Return the listing below exactly. Leave its pictures out.

*Data extract*.

§ §

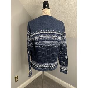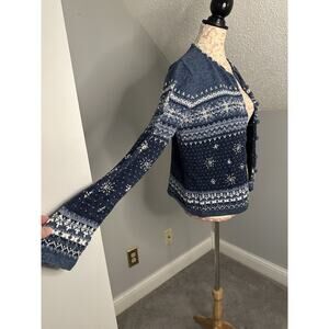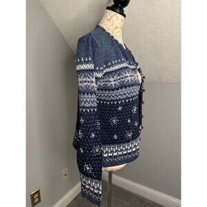 EUC Dressbarn Faire-Isle Style Winter Embellished Snowflake Cardigan Sz Med
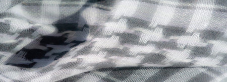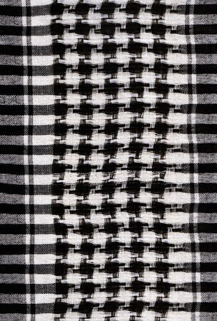 close-up of a Palestinian headscarf or kufiya. The traditional black and white headscarf of the Arab man (Keffiyeh). The weave forms a central path
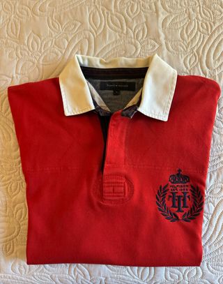 Preciosa sudadera de la marca Tommy Hilfiger. Es de color rojo y tiene un diseño clásico. - Talla: M - Estado: Está en perfectas condiciones, aunque la etiqueta de dentro está ligeramente rasgada (ver foto)
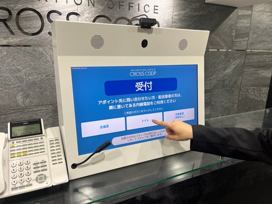 CROSSCOOPでは、各拠点に通常1~2名の受付スタッフを配置していました。しかし、オフィス設備の保全や休憩などで受付からスタッフが席を外すタイミングがあり、その際に受付にいらしたお客様へのご対応ができない状況でした。合わせて、新型コロナウイルスの流行や社会的な人手不足といった背景から世の中の働き方自体も多様化してきたため、「お客様の満足度を維持しつつスタッフが働きやすい環境の実現」を目指して、DXの検討を開始しました。

§ §

*Exercise solution*.
 EUC Dressbarn Faire-Isle Style Winter Embellished Snowflake Cardigan Sz Med
 close-up of a Palestinian headscarf or kufiya. The traditional black and white headscarf of the Arab man (Keffiyeh). The weave forms a central path
 Preciosa sudadera de la marca Tommy Hilfiger. Es de color rojo y tiene un diseño clásico. - Talla: M - Estado: Está en perfectas condiciones, aunque la etiqueta de dentro está ligeramente rasgada (ver foto)
 CROSSCOOPでは、各拠点に通常1~2名の受付スタッフを配置していました。しかし、オフィス設備の保全や休憩などで受付からスタッフが席を外すタイミングがあり、その際に受付にいらしたお客様へのご対応ができない状況でした。合わせて、新型コロナウイルスの流行や社会的な人手不足といった背景から世の中の働き方自体も多様化してきたため、「お客様の満足度を維持しつつスタッフが働きやすい環境の実現」を目指して、DXの検討を開始しました。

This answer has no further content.